# "Can You Really Backdoor Federated Learning?"
Siu et al, 12/2019
 - This paper focuses on backdoor attacks in the federated learning setting
 - we allow non-malicious clients to have correctly labeled samples from the targeted tasks.
 - comprehensive study of backdoor attacks and defenses for the EMNIST dataset, a real-life, user-partitioned, and non-iid dataset
 - the performance of the attack largely depends on the fraction of adversaries present and the “complexity” of the targeted task.
 - norm clipping and “weak” differential privacy mitigate the attacks without hurting the overall performance.

## Defences proposed
 - **Norm thresholding of updates**. Since boosted attacks are likely to produce updates with large norms, a reasonable defense is for the server to simply ignore updates whose norm is above some threshold M. However, we assume the adversary knows the threshold M , and can hence always return malicious updates within this magnitude

 - **(Weak) DP**. First clipping updates (as above) and then adding Gaussian noise. However, traditionally the amount of noise added to obtain reasonable differential privacy is relatively large. Since our goal is not privacy, but instead preventing attacks, we add a small amount of noise that is empirically sufficient to limit the success of attacks.
 

## Result 
 - ed backdoor attacks and defenses for federated learning under the more realistic EMNIST dataset. In the absence of any defense, we showed that the performance of the adversary largely depends on the fraction of adversaries present. Hence, for reasonable success, there needs to be a large number of adversaries
 - Selecting 3 as the norm bound will successfully mitigate the attack with almost no effect on the performance of the main task. Hence we can see that norm bounding may be a valid defense for current backdoor attacks.
 - We can see that adding Gaussian noise can also help mitigate the attack beyond norm clipping without hurting the overall performance much.

# Data Poisoning Attacks Against Federated Learning Systems. 

Tolpegin et al, 11/2020

 - With no central authority able to validate data, these malicious participants can consequently poison the trained global model.
 - We make minimal assumptions on the capability of a malicious FL participant – each can only manipulate the raw training data on their device.
 - CIFAR-10 and Fashion-MNIST
 - we show that attack effectiveness (decrease in model utility) depends on the percentage of malicious users and the attack is effective even when this percentage is small.
 - we show that attacks can be targeted, i.e., they have large negative impact on the subset of classes that are under attack, but have little to no impact on remaining classes. -> avoid easy detection
 - the global model may still converge accurately after early-round poisoning stops,
 - **largest poisoning impact can be achieved if malicious users participate in later rounds and with high availability.**
 - Goal: targeted attack == manipulate the learned parameters such that the final global model M has high errors for particular classes (a subset of C)
 - 

## Analysis of label flipping attacks

 - m = %malicious = 10% mean
 - Even with small m, we observe a decrease in model accuracy compared to a non-poisoned model
 - With m = 4% source class recall drops by ∼ 10% and with m = 10% it drops by ∼ 20%.

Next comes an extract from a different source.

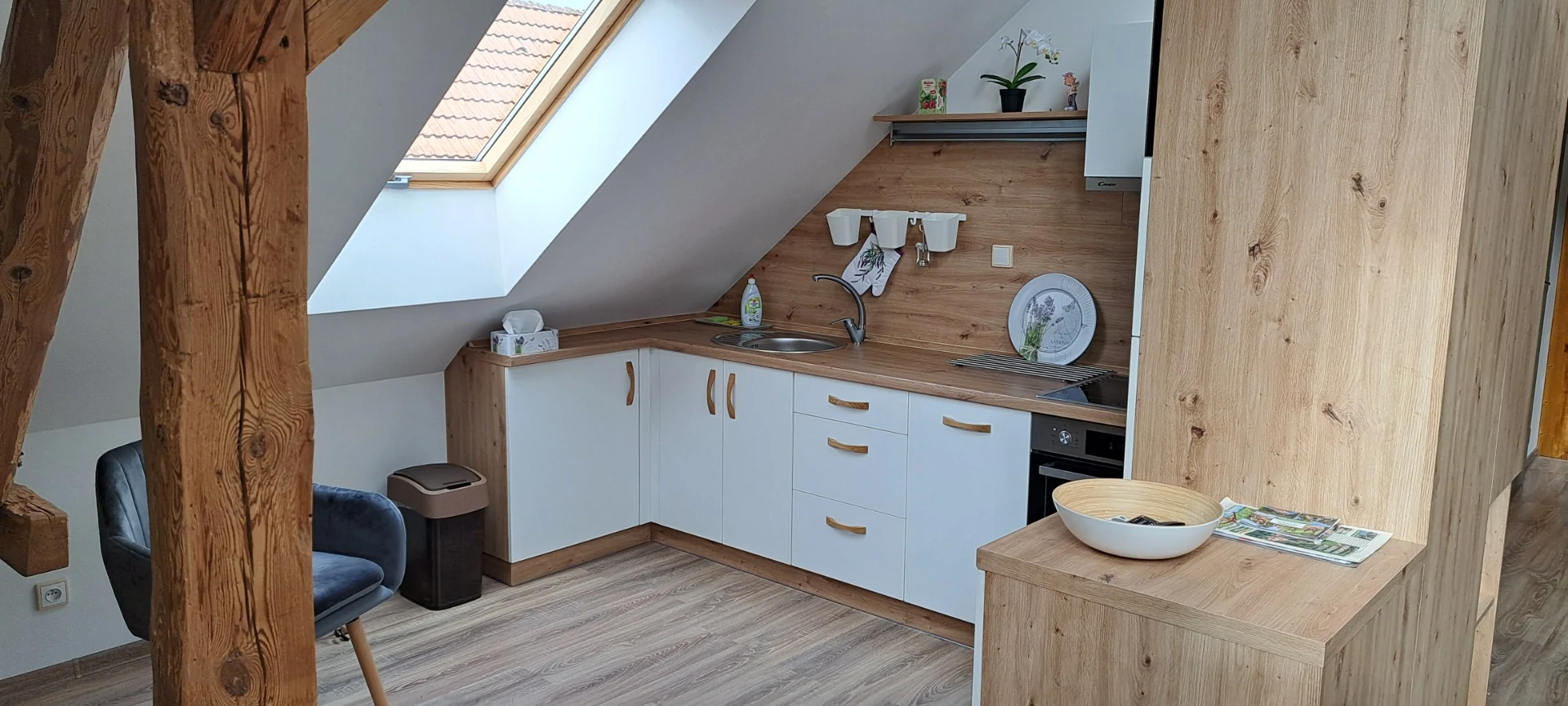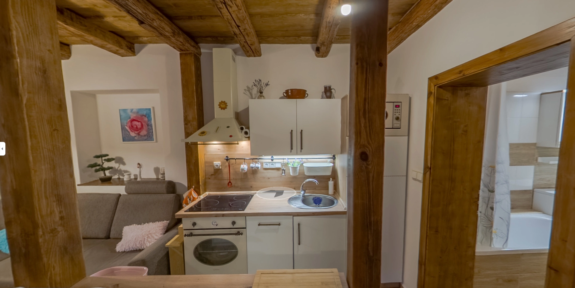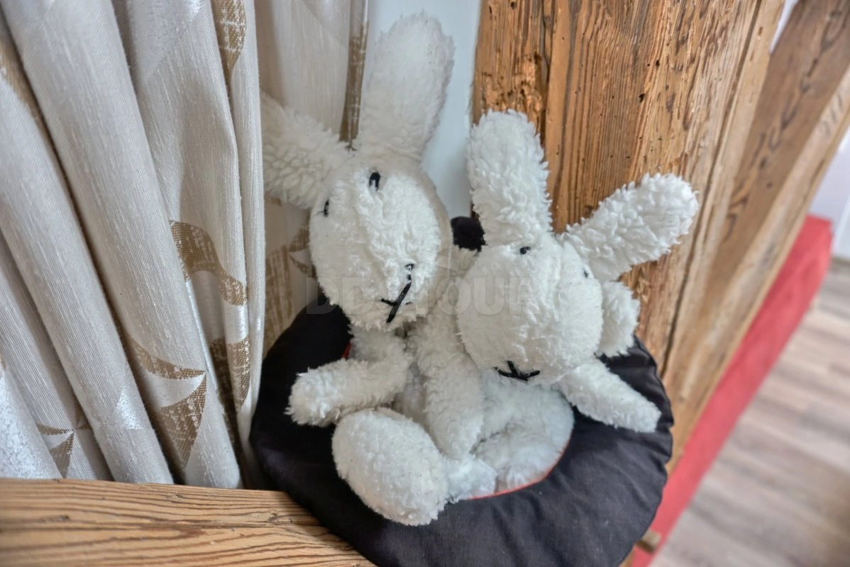 Útulná kuchyně je vybavena dřevěným stolem, bílým kredencem a nechybí ani televize. V obývací části s kuchyňským koutem se nachází pohodlná pohovka a tradiční stropní trámy vytvářejí příjemnou atmosféru. Ložnice s manželskou postelí a dalším lůžkem z masivního dřeva nabízí dostatek prostoru pro odpočinek. Apartmán je dále vybaven koupelnou s vanou a samostatným WC.

### Timing of attacks (very interesting)
 - it is important to understand the capabilities of adversaries who are available for only part of the training process.
 - Google’s Gboard application of FL requires all participant devices be plugged into power and connected to the internet via WiFi
 - Adversaries can take advantage of this design choice, making themselves available at times when honest participants are unable to.
 - We consider two scenarios: adv only available before 75 round and only after
 - As the rate of global model accuracy improvement decreases with both datasets by training round 75, we choose this point to highlight how pre-established model stability may effect an adversary’s ability to launch an effective label flipping attack.
 - Results show that while there are observable drops in source class recall during the rounds with poisoning (1-75), the global model is **able to recover quickly** after poisoning finishes (after round 75). Furthermore, the final convergence of the models (towards the end of training) are not impacted.
 - After 75: **the final poisoned model in the late-round poisoning scenario may show substantial difference in accuracy or recall compared to a non-poisoned model.**
 - model convergence on both datasets is negatively impacted, as evidenced by the large variances in recall values between consecutive rounds.

## Defence Proposed
 - The parameter updates sent from malicious participants have unique characteristics compared to honest participants’ updates for a subset of the parameter space
 - propose an automated strategy for identifying the relevant parameter subset and for studying participant updates using dimensionality reduction (PCA).
 - Given the aggregator’s goal of defending against the label flipping attack from csrc, only the subset of the parameters in θ∆,i corresponding to ncsrc is extracted. The outcome of the extraction is denoted by θsrc ∆,i and added to a global list U built by the aggregator.